Tabular: set up new train and valid `dls` with initially prepared `to` object

DmitryG · September 28, 2020, 12:59pm

HI,

I try to find the way to set up new train and valid dls with initially prepared to object.

Below are the two versions of the code, first is a simple example from tutorial and it works well,
second is an attempt to get dataloaders with initially prepared to.

I expected both snippets to work exactly the same, but there is zero learning improvement learning with the second snippet.

This basic example works as expected:

df is a pd.DataFrame

splits = RandomSplitter(valid_pct=0.2)(range_of(df))
cont_names = df.select_dtypes(['float64','int64']).columns.tolist()
cat_names =  df.select_dtypes(['bool','category']).columns.tolist()
cat_names = [c for c in cat_names if c not in ['sold']]
splits = RandomSplitter(valid_pct=0.2)(range_of(df))
to = TabularPandas(df, procs=[Categorify, FillMissing,Normalize],
                   cat_names = cat_names,
                   cont_names = cont_names,
                   y_names='sold',
                   splits=splits,
                   inplace=True,
                   reduce_memory=False)

dls = to.dataloaders(bs=64*50).cuda()
learn = tabular_learner(dls, metrics=accuracy)
learn.fit_one_cycle(40, lr_max=1e-04)

This code causing causing accuracy metric to bounce around 0.5 all the time :

# create `to` object with setup data

cont_names = df.select_dtypes(['float64','int64']).columns.tolist()
cat_names =  df.select_dtypes(['bool','category']).columns.tolist()
cat_names = [c for c in cat_names if c not in ['sold']]

 splits = RandomSplitter(valid_pct=0.2)(range_of(df))
 to = TabularPandas(df, procs=[Categorify, FillMissing,Normalize],
               cat_names = cat_names,
               cont_names = cont_names,
               y_names='sold',
               splits=splits,
               inplace=True,
               reduce_memory=False)



splits = RandomSplitter(valid_pct=0.2)(range_of(df))

train_ds = df[df.index.isin(splits[0])]
valid_ds = df[dff.index.isin(splits[1])]

new_train_to = to.new(train_ds)
new_valid_to = to.new(valid_ds)
new_train_to.process()
new_valid_to.process()

trn_dl = TabDataLoader(new_train_to,bs=64*50)
val_dl = TabDataLoader(new_valid_to,bs=64*50)

dls =  DataLoaders(trn_dl, val_dl).cuda()
learn = tabular_learner(dls, metrics=accuracy)
learn.fit_one_cycle(40, lr_max=1e-04)

Thank you!

krasin · December 21, 2020, 7:07pm

Hi Dmitry,

Have you managed to solve the problem?

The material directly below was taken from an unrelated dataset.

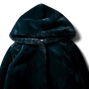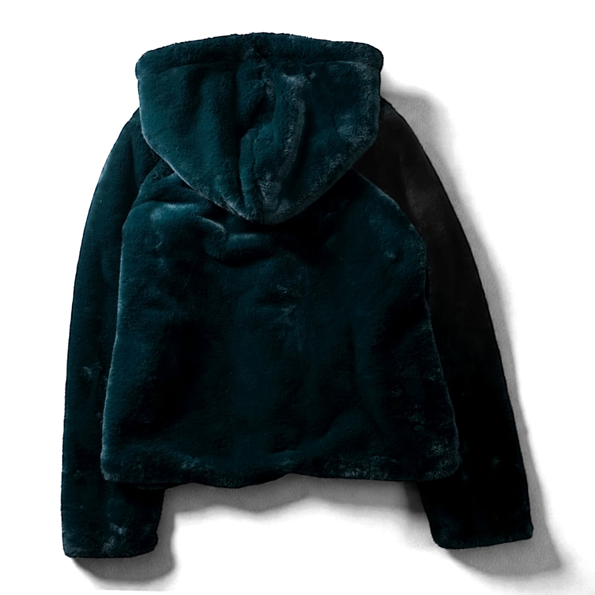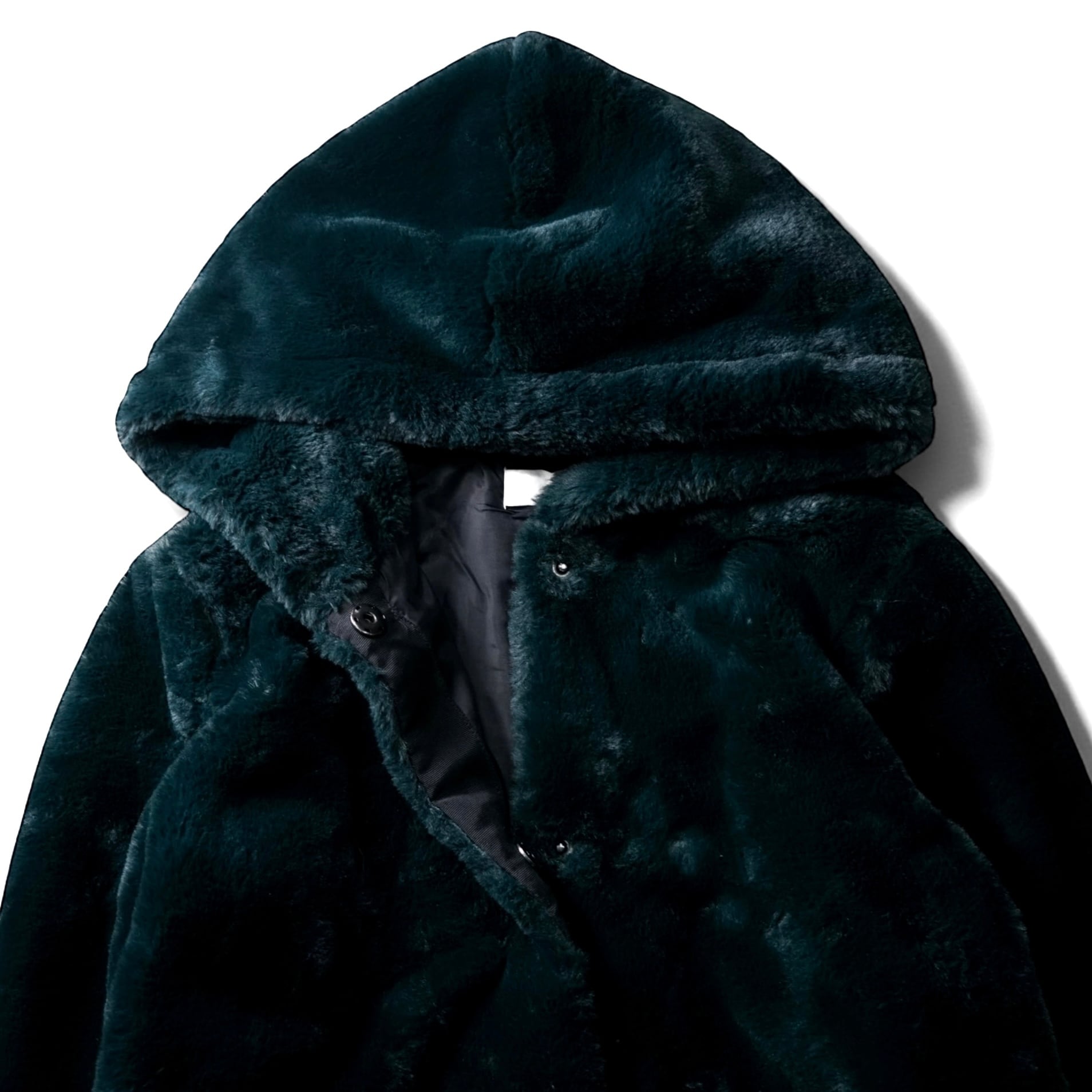 深みのあるグリーンカラーが印象的な、フード付きフェイクファージャケット。

I have similar.

Thanks

DmitryG · December 30, 2020, 6:03am

Hi krasin, the reason was that you need to shuffle train dataloader. Dataloaders constructer does that for you automatically, but ones you do is yourself with TabDataLoader, you have to add shuffle = True

new_train_to = to.new(train_ds)
new_valid_to = to.new(valid_ds)
new_train_to.process()
new_valid_to.process()

trn_dl  =TabDataLoader(new_train_to,bs=64*50, shuffle=True)
val_dl = TabDataLoader(new_valid_to,bs=64*50)

dls =  DataLoaders(trn_dl, val_dl).cuda()